Reference is now made to FIGS. 2 and 3, which will be discussed together, along with FIGS. 6 and 7. FIG. 2 is a sequence diagram 200 of a use case according to some embodiments. More specifically, FIG. 2 illustrates an example voice-based interaction (UI session) between a user and a UI via a UI interaction channel framework according to some embodiments. FIG. 3 is a flow diagram illustrating an exemplary process 300 according to some embodiments. FIGS. 6 and 7 are outward views of user interfaces according to some embodiments.

An embodiment may be implemented in a system using advanced business application programming ((ABAP) as developed by SAP AG, Walldorf, Germany)) sessions, and/or any other types of sessions.

Initially, at S310, a user 205 launches a UI application (e.g., a business application) executing on a user interface platform on the user's computing device. FIG. 6 illustrates a specific example of a user interface 600 presented to a user for receiving user input. User interface 600 can present a user with a number of different input fields (e.g., a command field 610 and field value 620 for a given field 615).

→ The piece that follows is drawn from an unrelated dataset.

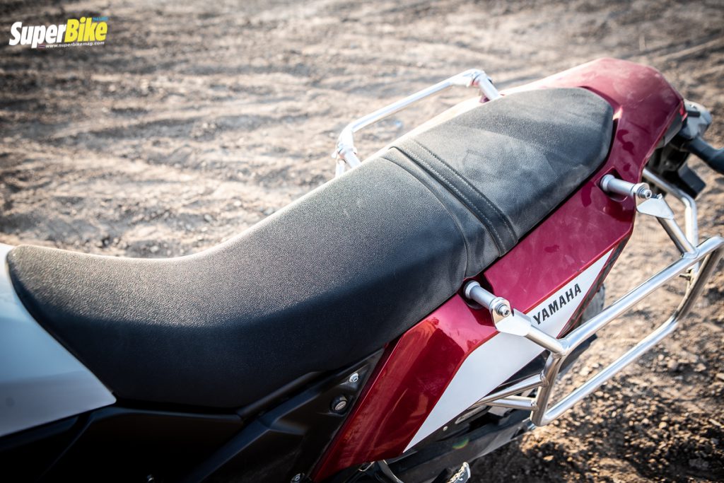 ตัวรถนั้นมีความสูงพอสมควร แต่ตัวเบาะมีรูปทรงเรียวยาว ให้ท่านั่งสบาย สามารถยืนและขยับสะโพก เพื่อใช้ให้การทรงตัว เลี้ยว หรือแม้กระทั้งการยืนขี่ ที่ทำให้รูปสึกได้เลยว่าเอาหน้าขาหนีบถัง ทรงตัวได้อย่างมั่นใจ รวมไปถึงผิดของตัวเบาะก็มีความหยาบพอสมควร แล้วเราเจอะโคลนหรือน้ำจะไม่ลื่นหลุดจากตัวรถได้ง่ายๆ ฐานล้อสั้น ทำให้ขับขี่เข้าโค้งได้ง่ายยิ่งขึ้น สำหรับใครถ้าจะมีคนซ้อนหรือจะเพิ่มปี๊บหลัง ควรปรับความแข็งของสปริงเพิ่มอีกสักหน่อย ท้ายจะได้ไม่ห้อย และตอบสนองได้ดียิ่งขึ้น

UI 600 can be presented in a spreadsheet, discrete application, mobile phone application, tablet device application, or other graphical environments.

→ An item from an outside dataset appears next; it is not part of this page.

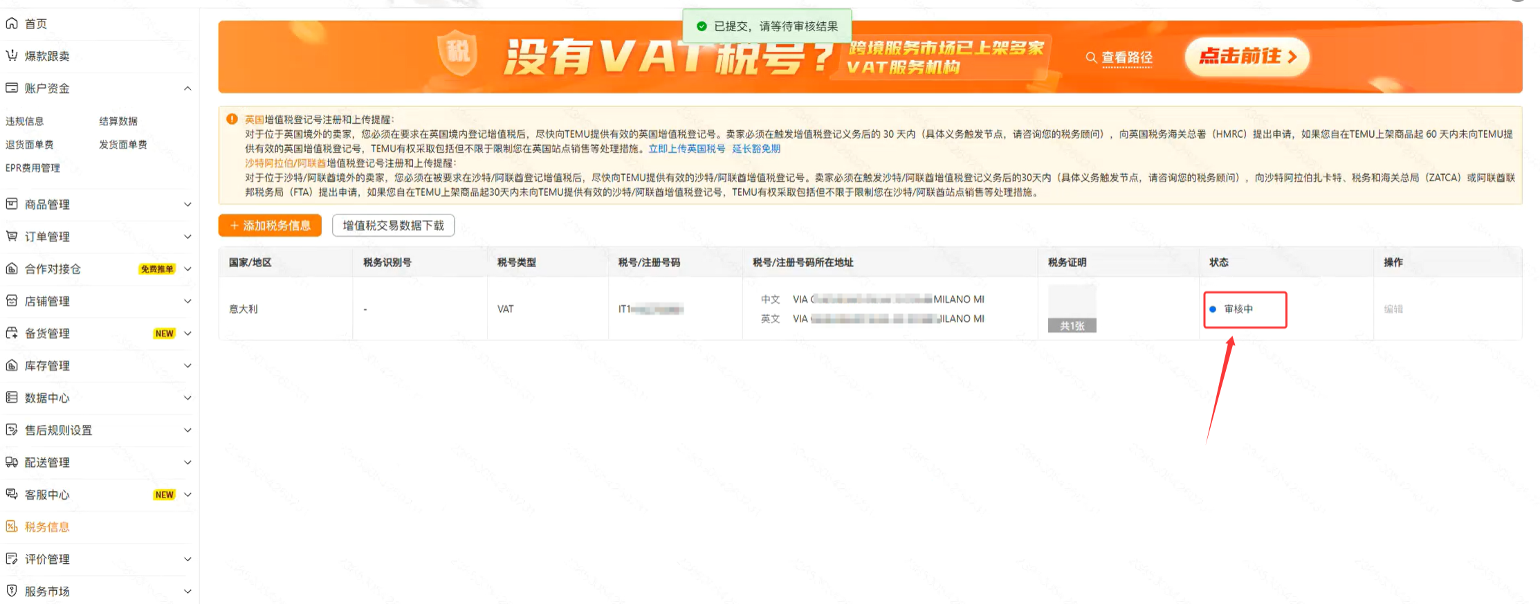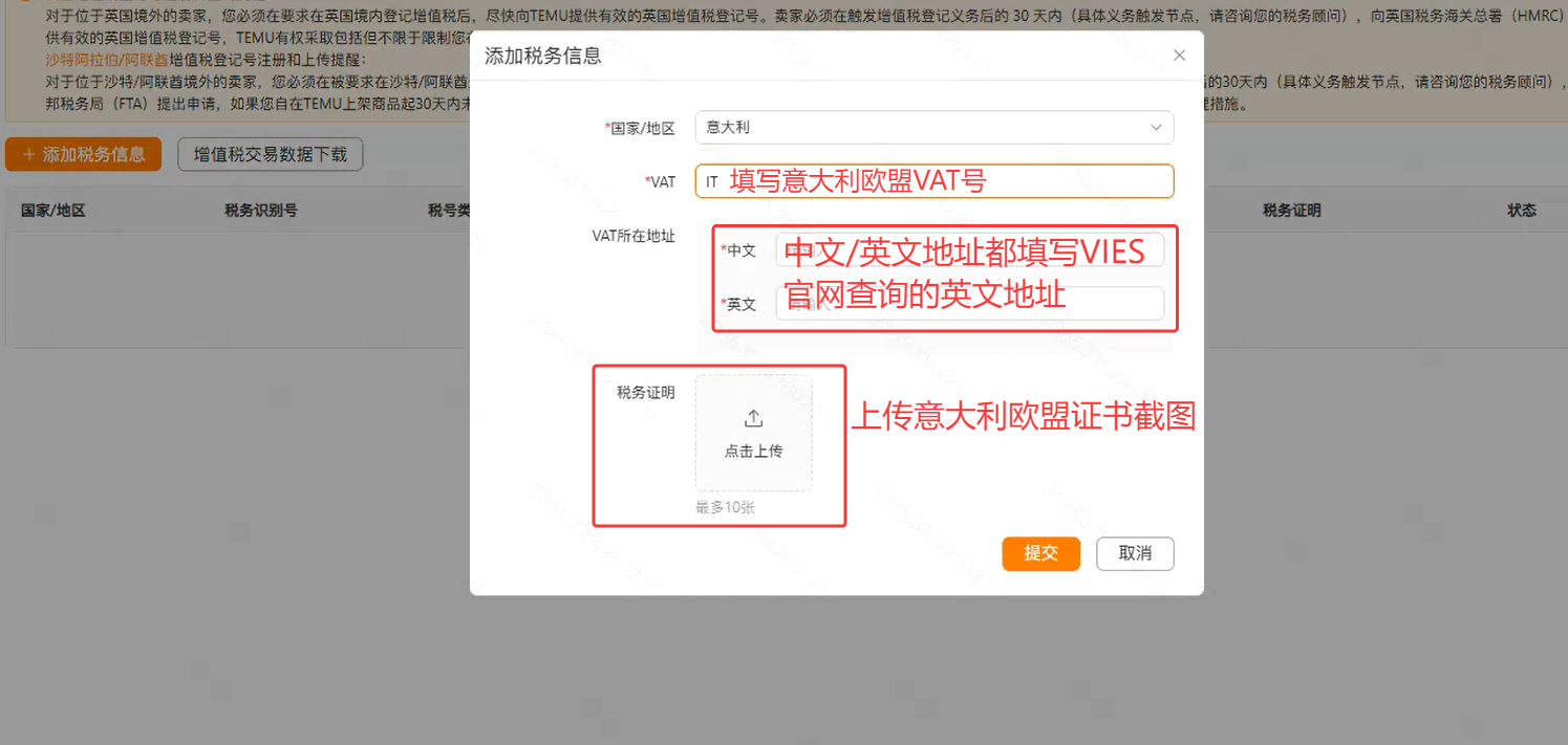 3、填写【意大利VAT税号】>【VAT所在地址】>上传【VAT证书截图】

This leads to establishment of a WebSocket connection at S320 (e.g., execution of an ABAP push center (APC) application in back-end) and initialization of a Push Command Channel (e.g., user-specific ABAP messaging (AMC) channel will be bound to the WebSocket connection). A dedicated backed APC application may be provided for the establishment of a WebSocket connection (e.g., ABAP push channel). A Push Command Channel enables communication with the UI, for example, to allow a back-end system to trigger an action in the UI (e.g., push information to the UI).

Front-end UI 210 displays a user interface for initiating a command to launch an application (e.g., business application) on a display of a computer from which a user 205 can select an operation the computer is to perform.

Next, a user 205 issues a command to a front-end UI 210 (e.g., conversational UI application for UserX) via any of several input sources (e.g., a voice recognition device, remote control device, keyboard, touch screen, etc.). In some embodiments, UI 210 dialogs with the user to complete, disambiguate, summarize, or correct queries. Generally, a user 205 may use a voice command or depress a button or other means to start the interaction process.

In one embodiment, as shown in FIG. 2, user 205 issues (e.g., utters) a voice command to a front-end UI 210. A voice command platform (e.g., intelligent assistant device) provides an interface between a user and voice command applications 220 for speech communication. For example, at S330, user 205 starts a voice recognition device (e.g., voice application 335 operating on a mobile device) and speaks a voice command. In some embodiments, an Audio Video Interleave (AVI) file is generated (e.g., “speech.avi”). The voice recognition device, including a voice inputting unit (e.g., microphone) using a voice recognition module, may be adapted to recognize a plurality of predetermined speech commands from the user.

In one aspect, voice interaction models are created. The interaction model entities, such as skills, intents, and tokens (parameters), for the target service provider are maintained. These entities may be created for business UIs by using definition and modeling tools such as the repositories of the underlying UI technology (e.g., WebGUI/SAPGUI, Web Dynpro, BSP, or UI5/Fiori).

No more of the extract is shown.